The Staszic Palace dates back to 1620 when King Sigismund III Vasa built a small Eastern Orthodox chapel as a burial place for Tsar Vasili IV of Russia and his brother, who died in Polish custody after they were captured several years earlier during the 1605-1618 Polish-Muscovite War.

In 1818 Stanisław Staszic bought the building and had it redesigned in a neoclassical style. Five years later, Staszic gave the building to the Society of Friends of Science, the first Polish scientific organization, of which he was founder and president. Staszic also commissioned the monument to Renaissance astronomer Nicolaus Copernicus, which was erected in front of the palace in 1830.

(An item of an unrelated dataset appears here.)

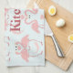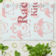 This "Flamingo Love" kitchen towel displays pairs of pink flamingos on a soft blue background. Their heads are bowed to resemble a heart. There are pink feathers adorning the design. Customise your name today!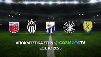 Οι υπόλοιπες οκτώ ομάδες θα βρίσκονται στα κανάλια της Cosmote TV. Ήτοι ο Ολυμπιακός που είχε ήδη συμβόλαιο, οι ΑΕΚ, Παναθηναϊκός, ΟΦΗ, Παναιτωλικός, Λαμία και Βόλος που ανανέωσαν, καθώς και η έτερη νεοφώτιστη, Κηφισιά, η οποία υπέγραψε εσχάτως.

Staszic, who was one of the most prominent figures of the Polish Enlightenment, focused the Society’s activities on fostering the country’s development in terms of the economy, science and education. He was a Catholic priest, philosopher, geologist, translator, poet, writer and statesman. His many activities included initiating the construction of a coal mine, forming an Agricultural Association in Hrubieszów, carrying out research into geology and preparing a geological map of Poland and neighboring countries. He was one of the founders of the University of Warsaw and served as a member of the State Council of the Duchy of Warsaw and as minister of trade and industry.

After the unsuccessful November 1830 Uprising by the Poles against the Russian empire, the Society was dissolved and the works of art gathered there were confiscated by the Russians, who had controlled Warsaw since the final partition of Poland in 1795. For the next 26 years the palace housed the State Lottery and later a secondary school for boys. Then for five years it was home to the Medical-Surgical Academy, which was closed by the Russians after yet another failed uprising in January 1863. In 1892 the palace was renovated in a Russo-Byzantine style by the Russians, in line with the ongoing russification of Warsaw.

When Poland regained its independence after World War I, the palace was restored to its previous neoclassical splendor. In the interwar period it was home to several scientific and scholarly organizations. Nobel prize-winning scientist Marie Curie-Skłodowska delivered a lecture there in 1925.

Damaged by the Germans during the 1939 siege of Warsaw and nearly razed to the ground during the 1944 Warsaw Uprising against Poland’s German occupiers, the Staszic Palace was rebuilt after the war to its neoclassical form.